> Aim of the task:
Once the images are set aside, output the listing exactly as it stands.

> Data section:
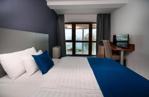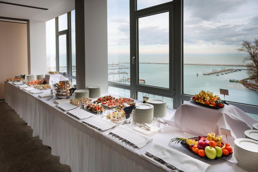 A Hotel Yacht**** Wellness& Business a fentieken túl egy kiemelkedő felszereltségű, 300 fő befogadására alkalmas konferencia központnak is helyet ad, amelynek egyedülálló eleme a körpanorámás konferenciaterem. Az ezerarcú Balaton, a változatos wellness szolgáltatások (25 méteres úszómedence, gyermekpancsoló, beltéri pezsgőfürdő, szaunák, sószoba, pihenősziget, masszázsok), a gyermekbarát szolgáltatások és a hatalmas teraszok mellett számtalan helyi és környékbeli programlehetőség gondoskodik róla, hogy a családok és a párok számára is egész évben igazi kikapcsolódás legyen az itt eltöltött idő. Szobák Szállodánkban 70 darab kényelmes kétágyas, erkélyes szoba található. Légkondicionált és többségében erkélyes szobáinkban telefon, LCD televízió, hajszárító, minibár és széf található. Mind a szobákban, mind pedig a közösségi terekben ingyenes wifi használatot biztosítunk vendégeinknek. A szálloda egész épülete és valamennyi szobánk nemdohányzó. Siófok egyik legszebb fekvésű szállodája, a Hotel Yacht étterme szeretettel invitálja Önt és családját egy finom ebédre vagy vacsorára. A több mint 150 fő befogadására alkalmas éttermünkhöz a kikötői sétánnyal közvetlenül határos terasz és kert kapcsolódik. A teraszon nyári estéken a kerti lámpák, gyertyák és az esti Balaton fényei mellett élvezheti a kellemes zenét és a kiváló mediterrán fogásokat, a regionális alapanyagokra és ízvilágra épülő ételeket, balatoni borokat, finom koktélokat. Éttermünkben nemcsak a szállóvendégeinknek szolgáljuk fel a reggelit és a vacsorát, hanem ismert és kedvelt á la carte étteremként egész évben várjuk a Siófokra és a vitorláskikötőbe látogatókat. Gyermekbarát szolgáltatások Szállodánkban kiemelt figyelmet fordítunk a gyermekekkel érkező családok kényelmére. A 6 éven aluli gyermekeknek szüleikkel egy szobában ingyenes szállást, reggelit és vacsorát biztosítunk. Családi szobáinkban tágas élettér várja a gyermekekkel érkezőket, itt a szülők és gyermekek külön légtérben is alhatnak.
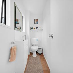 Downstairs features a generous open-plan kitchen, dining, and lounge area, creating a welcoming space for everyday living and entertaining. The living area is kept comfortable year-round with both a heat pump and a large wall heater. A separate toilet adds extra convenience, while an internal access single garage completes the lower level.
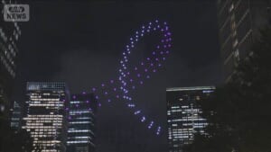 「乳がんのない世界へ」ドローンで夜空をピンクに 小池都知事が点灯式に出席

> Task solution:
 A Hotel Yacht**** Wellness& Business a fentieken túl egy kiemelkedő felszereltségű, 300 fő befogadására alkalmas konferencia központnak is helyet ad, amelynek egyedülálló eleme a körpanorámás konferenciaterem. Az ezerarcú Balaton, a változatos wellness szolgáltatások (25 méteres úszómedence, gyermekpancsoló, beltéri pezsgőfürdő, szaunák, sószoba, pihenősziget, masszázsok), a gyermekbarát szolgáltatások és a hatalmas teraszok mellett számtalan helyi és környékbeli programlehetőség gondoskodik róla, hogy a családok és a párok számára is egész évben igazi kikapcsolódás legyen az itt eltöltött idő. Szobák Szállodánkban 70 darab kényelmes kétágyas, erkélyes szoba található. Légkondicionált és többségében erkélyes szobáinkban telefon, LCD televízió, hajszárító, minibár és széf található. Mind a szobákban, mind pedig a közösségi terekben ingyenes wifi használatot biztosítunk vendégeinknek. A szálloda egész épülete és valamennyi szobánk nemdohányzó. Siófok egyik legszebb fekvésű szállodája, a Hotel Yacht étterme szeretettel invitálja Önt és családját egy finom ebédre vagy vacsorára. A több mint 150 fő befogadására alkalmas éttermünkhöz a kikötői sétánnyal közvetlenül határos terasz és kert kapcsolódik. A teraszon nyári estéken a kerti lámpák, gyertyák és az esti Balaton fényei mellett élvezheti a kellemes zenét és a kiváló mediterrán fogásokat, a regionális alapanyagokra és ízvilágra épülő ételeket, balatoni borokat, finom koktélokat. Éttermünkben nemcsak a szállóvendégeinknek szolgáljuk fel a reggelit és a vacsorát, hanem ismert és kedvelt á la carte étteremként egész évben várjuk a Siófokra és a vitorláskikötőbe látogatókat. Gyermekbarát szolgáltatások Szállodánkban kiemelt figyelmet fordítunk a gyermekekkel érkező családok kényelmére. A 6 éven aluli gyermekeknek szüleikkel egy szobában ingyenes szállást, reggelit és vacsorát biztosítunk. Családi szobáinkban tágas élettér várja a gyermekekkel érkezőket, itt a szülők és gyermekek külön légtérben is alhatnak.
 Downstairs features a generous open-plan kitchen, dining, and lounge area, creating a welcoming space for everyday living and entertaining. The living area is kept comfortable year-round with both a heat pump and a large wall heater. A separate toilet adds extra convenience, while an internal access single garage completes the lower level.
 「乳がんのない世界へ」ドローンで夜空をピンクに 小池都知事が点灯式に出席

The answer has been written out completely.